Photo: Klaus Holsting, Banedanmark

Improvement of railway switches

Tuesday 09 Jul 19

Contact

Dorte Juul Jensen
Professor, dr. techn.
DTU Mechanical Engineering
+4545 25 47 77
A collaboration between Banedanmark and DTU has identified several new opportunities for smarter monitoring and maintenance of switches.

Switches are one of the more complex parts of railways. Switches consist of moving parts and are exposed to high impact. This makes them expensive to install and repair. There is therefore a strong interest in finding out how best to monitor switches in other to identify the right time for maintenance and ensure the greatest possible safety and least possible inconvenience to train services.

To investigate these issues, Banedanmark and DTU have carried out the Intelliswitch project, supported by Innovation Fund Denmark. The project has led to the development of new methods for assessing the condition of Banedanmark’s switches, as well as many scientific publications and materials which will later form the basis for a book that can serve as a university textbook on the subject.

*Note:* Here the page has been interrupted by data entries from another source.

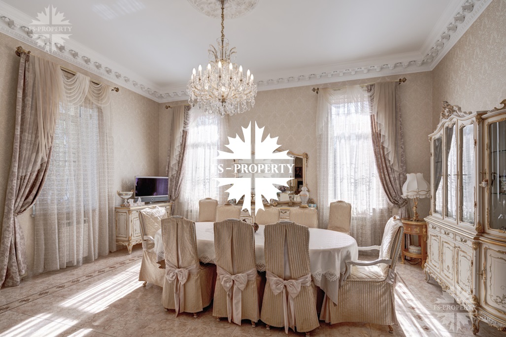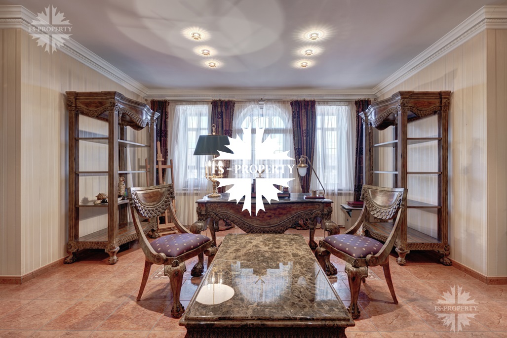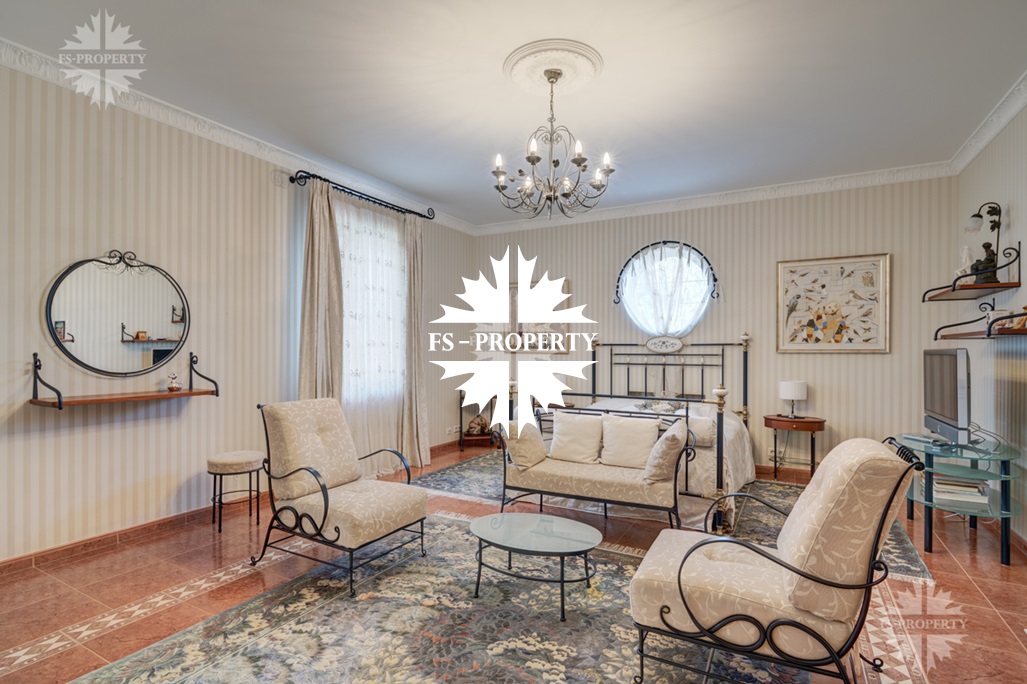 Коттедж отделан дорогими отделочными материалами, оборудован техникой. Дорогая итальянская мебель.
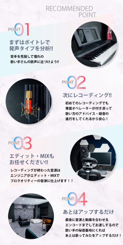 - 専属オペレーターが必ず1人付き添い、レコーディングを進行させていただきますのでご安心ください。ご要望いただきましたら歌い方のアドバイス等もさせていただきます!!
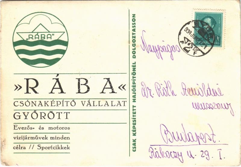 1934 Győr, "Rába" csónaképítő vállalat reklámlapja. "Evezős- és motoros vízijárművek minden célra, sportcikkek. Csak képesített hajóépítőnél dolgoztasson" (EB)
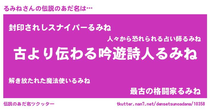 | 意味不明あだ名 | 『住所不定無職るみね(5歳)』『自称るみね』 |

“The project has involved many different competences from DTU. For instance, knowledge of typical fault mechanisms, optimum materials for use in switches, development of sensors to measure the condition of switches, use of big data, modelling, and much more,” says Professor Dorte Juul Jensen, DTU Mechanical Engineering, who has been the Intelliswitch project manager. 

“During the project, we set up 12 sensors on a switch in Tommerup, and collected data from the measurement trains that already operate on the railways, measuring tracks and switches. Based on a large amount of measurement data, we’ve prepared various models for how best to monitor switches and plan maintenance.”

Knowledge transfer
Banedanmark and DTU have worked closely together on the project in order to create the best opportunities for putting the researchers’ knowledge into practice. The researchers have not yet fully determined exactly how the knowledge should be implemented in Banedanmark’s workflows, but a lot of knowledge, experience and models have already been transferred.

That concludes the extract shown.